Cadmus will continue to acquire companies that will augment its technical capabilities in services ranging from managing climate security to regulatory support to communications, Kline said. The firm’s aim is not to enter new markets; rather, it seeks to construct a portfolio of capabilities that can serve its clients’ increasingly complex needs.

Cadmus’ success in the sustainability space has led to deepening ties with Johnson. Kline visits campus and has hosted students at Cadmus so they can see how the consulting firm operates. He has helped give the Center for Sustainable Global Enterprise strategic advice on how to best grow, work effectively with the private sector, and better serve students and alumni, said Mark Milstein, clinical professor of management and director of the center. “He’s approachable, intellectually curious, down-to-earth, and humble,” Milstein added.

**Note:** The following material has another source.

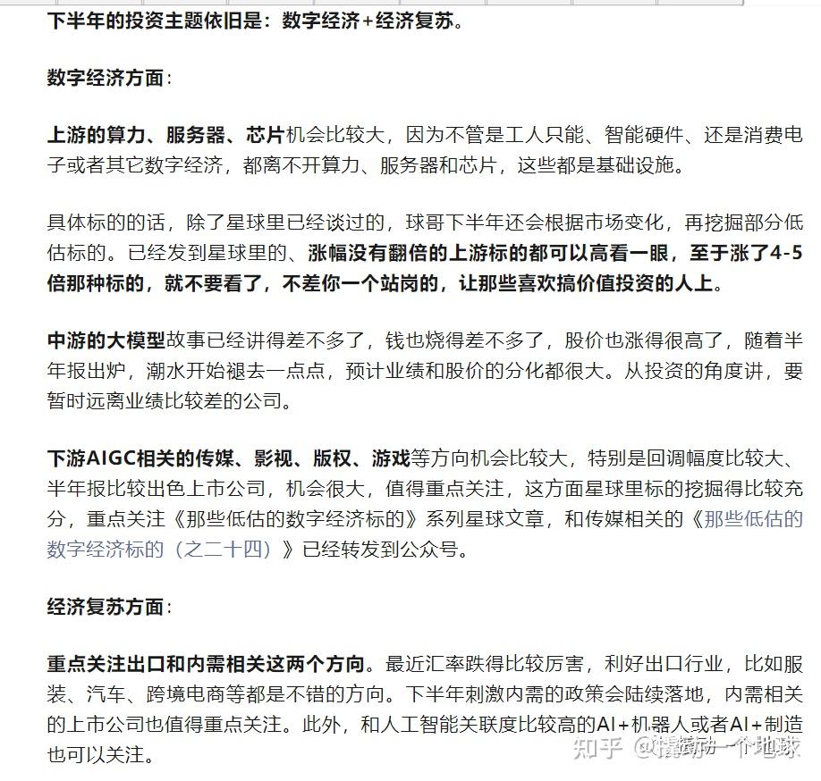 从投资角度讲,股市也稳了,球哥在文章《2023下半年投资方向》中谈过下半年的投资方向,现在,继续维持原来的判断。

The brash ambition that hung him up as a leader when he considered leaving Cadmus and at his first board meeting is nuanced now, but has never waned. Gesturing toward a whiteboard wall covered one-half by numbers and agendas (the other half filled with drawings by his kids of cars and princess castles), Kline said he’ll consider himself as having failed if the firm doesn’t reach $1 billion in revenue in ten years, while making an impact.

Always tuned in to the environment, he was bothered by the warm fall in Washington, D.C., where temperatures were 20 degrees above normal. Climate change is on his mind all the time, he said. While he has spoken with other executives about how to manage the uncertainty of the new administration, he said he is not worried about the short term. His job is to manage Cadmus and create an impact — for the long term.

“I am 100 percent committed to ensuring my children and everybody’s children are left with a world in which they are able to meet their needs and achieve their dreams, no matter what political administration is in office,” he said. “We’re talking ten generations from now.”